American actress (1943–2023)

Gayle Hunnicutt, Lady Jenkins (February 6, 1943 – August 31, 2023) was an American film, television, and stage actress. She is known for her film roles in Marlowe (1969), Fragment of Fear (1970), Running Scared (1972), and The Legend of Hell House (1973), as well as her portrayal of Vanessa Beaumont on the soap opera Dallas (1988–1991).

==Early life and education==
Hunnicutt was born February 6, 1943 in Fort Worth, Texas, the daughter of Mary Virginia (née Dickerson) and Colonel Sam Lloyd Hunnicutt. Hunnicutt attended Texas Christian University before winning a scholarship to the University of California, Los Angeles, where she majored in English literature and theatre.
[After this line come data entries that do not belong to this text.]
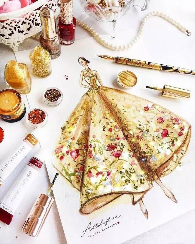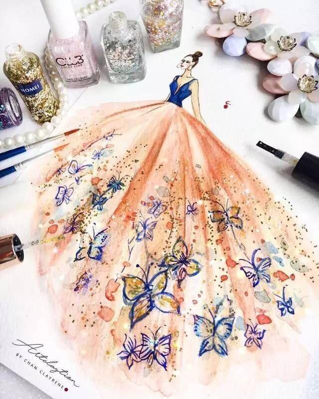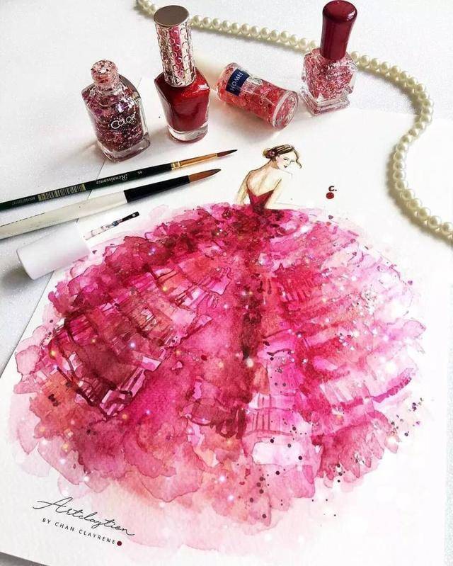 美丽女孩用指甲油画高定礼服裙,本来闹着玩,居然惊动了国际大牌
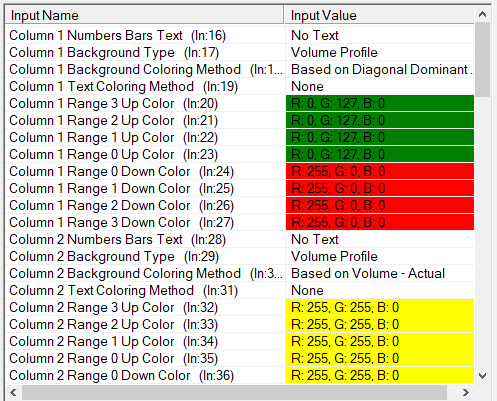 Basically there are two possibilities. We can add a default background color. Or you can set the Column 1 Background Coloring Method to Based on Volume Percentage and use the same color for all eight of the colors for the first Numbers Bars column. Then use the Column 1 Text Coloring Method for the diagonal comparisons. This way you will see always a complete Volume Profile when there is no dominant side on either the bid or ask side of a price level and therefore no Volume Profile shown. Sierra Chart Support - Engineering Level Your definitive source for support. Other responses are from users. Try to keep your questions brief and to the point. Be aware of support policy: https://www.sierrachart.com/index.php?l=PostingInformation.php#GeneralInformation For the most reliable, advanced, and zero cost futures order routing, *change* to the Teton service: Sierra Chart Teton Futures Order Routing Date Time Of Last Edit: 2017-08-31 17:02:04
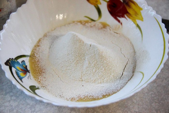 Когда верхний слой пирога слегка подрумянится, украсим его кунжутом и смажем желтком.
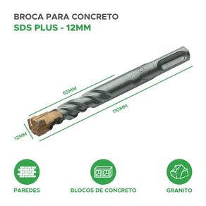 Utilizada para perfurar concreto e materiais semelhantes. Ela tem um sistema de encaixe chamado sds-plus que possibilita a troca rápida de brocas. Essas brocas têm uma ponta feita de aço endurecido para perfurar eficazmente o material, e o tamanho dela é 12mm de diâmetro com um comprimento total de 110mm.
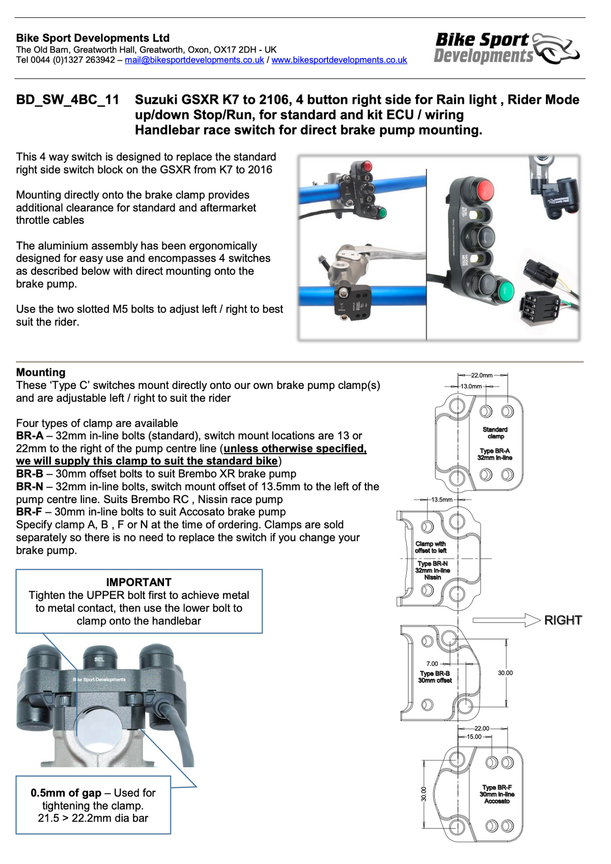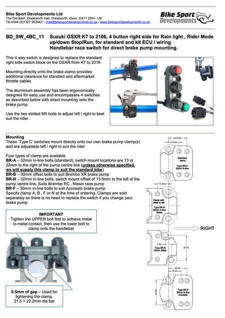 These 'Type C' switches mount directly onto the brake master cylinder using the two original clamp screws and a new dedicated clamp.
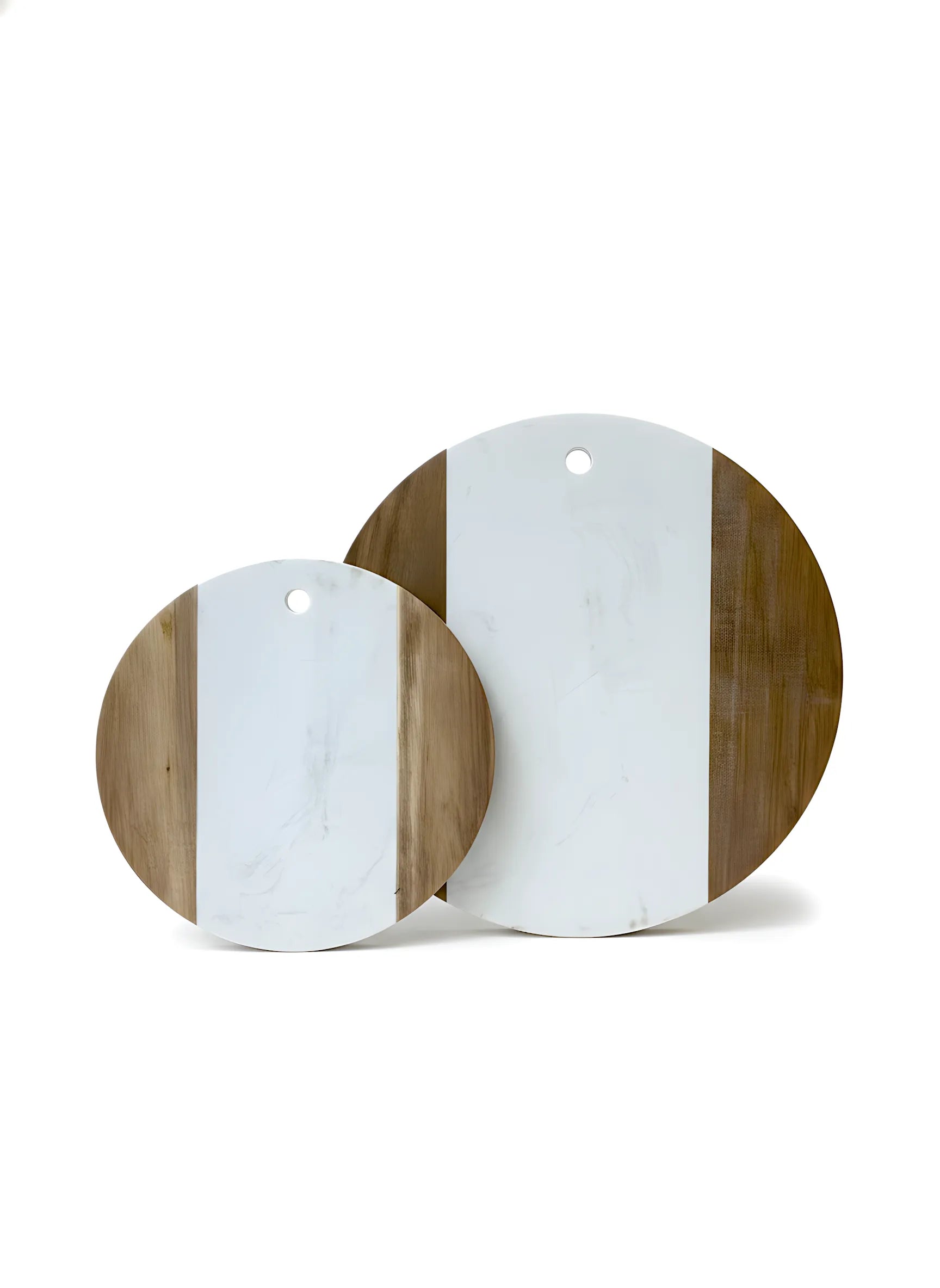 Tocător rotund din lemn de acacia și marmură albă, Ø25 cm – Olivy
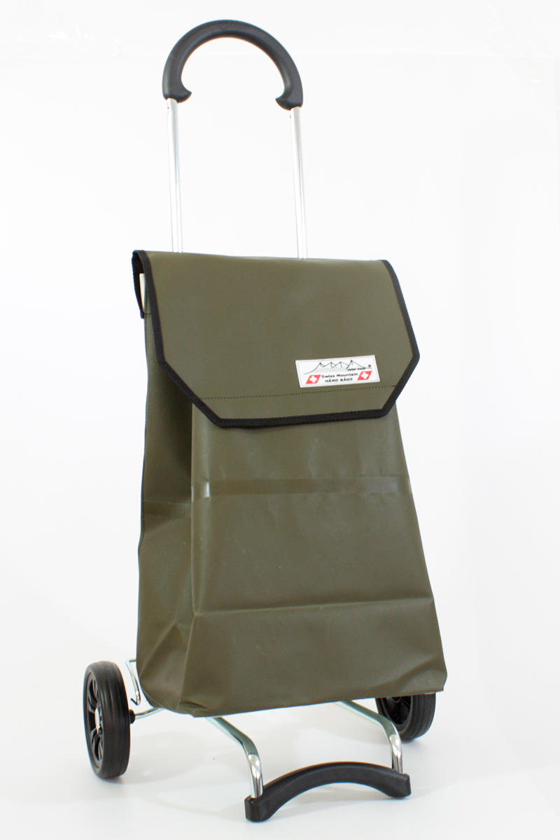 Der Swiss Mountain Einkaufswagen ist am Griff umklappbar. Das Wägelchen-Gestell ist auch ein Markenprodukt der Anderson . Die 2 Räder haben einen Durchmesser von ca. 16 cm und haben einen konfortablen Rollenlauf. Die getestete Tragfähigkeit ist 40 Kg. An der einen Seite des Einkaufs-Bags befindet sich ein Regenschirmhalter, in den jeder Damen oder Herrenschirm passt. Dieser ist unten offen, so, dass jegliches Regenwasser unten bequem auslaufen kann. Im Innern des Shopper-Bags befindet sich ausserdem noch ein Innenfach ( ca. 17 cm x 21 cm ), das durch einen Reissverschluss zu öffnen oder zu schliessen ist.
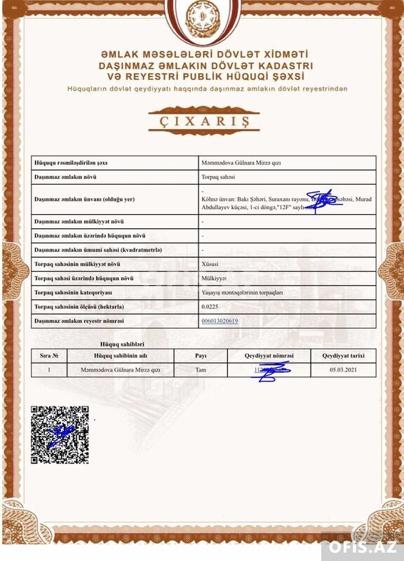 Bakıxanov, (Razin) Akkordun binaları ilə üzbəüz, Murad Abdullayev küçəsi, Döngə-1 ünvanında, 2.5 sot, Kupçalı (Çıxarışlı) torpaq satıram. Torpaq əsas yoldan, 100-metrlik məsafədə, Heydər Əliyyev prospektinə, yaxın yerdə yerləşir. Yolu asvaltdı. Zaborun içərisində olan Torpaqda, Qaz, Su, İşıq, Mərkəzi kanalizasiya sitemi, Telefon, İnternet var. Məktəb, Baxça, Marşrut xətti yaxınlıqdadı. Torpaq, Çox əlverişli yerdə yerləşir. Torpağın ölçüləri 10+25 (Təxmini ölçüsü). Ev tikmək üçün, tam hazır, vəziyyətdədir. Ümumi qiyymət: 75000azn. Real alıcı olarsa, qiyymətdə razılaşmaq olar. Torpaq şəxsidi və mənə məxsusdur.
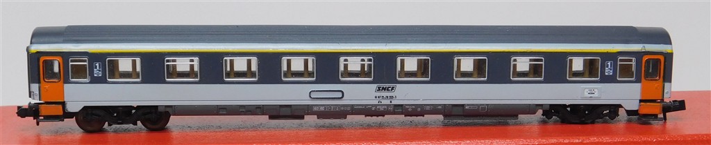 European N gauge: Roco N gauge SNCF French 1st class coach number 61 87 19-70 353-3, missing two wheelsets and one buffer
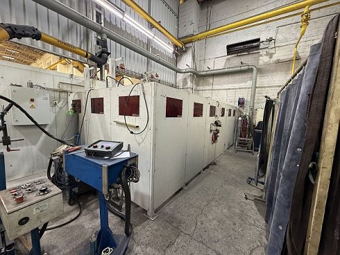 | Detalles | Robot welding cell incl. positioner Hydraulic 3D welding table ABB max. workpiece weight 2 tons and max. diameter 1400 mm Robot IRB 4600 M2004 Welding torch system Wire Select 2.0-Vers.LSQ5/Q80 with 2-fold wire feed Thielmann gas nozzle cleaning device Protective housing with door for robot welding cell |

She worked as a fashion model, then became an actress.

==Career==
===Acting===
During her early film career, Hunnicutt was typecast as a red-haired sexpot. She portrayed Emaline Fetty, a con woman trying to extort money from the Clampetts in two episodes of The Beverly Hillbillies in 1966. Her film debut was a small role was in the motorcycle film The Wild Angels (1966), which starred Peter Fonda. Bruce Dern, and Diane Ladd. She co-starred with George Peppard in the detective film P.J. (1968) and with James Garner in the detective film Marlowe (1969), in which her character was a glamorous Hollywood actress.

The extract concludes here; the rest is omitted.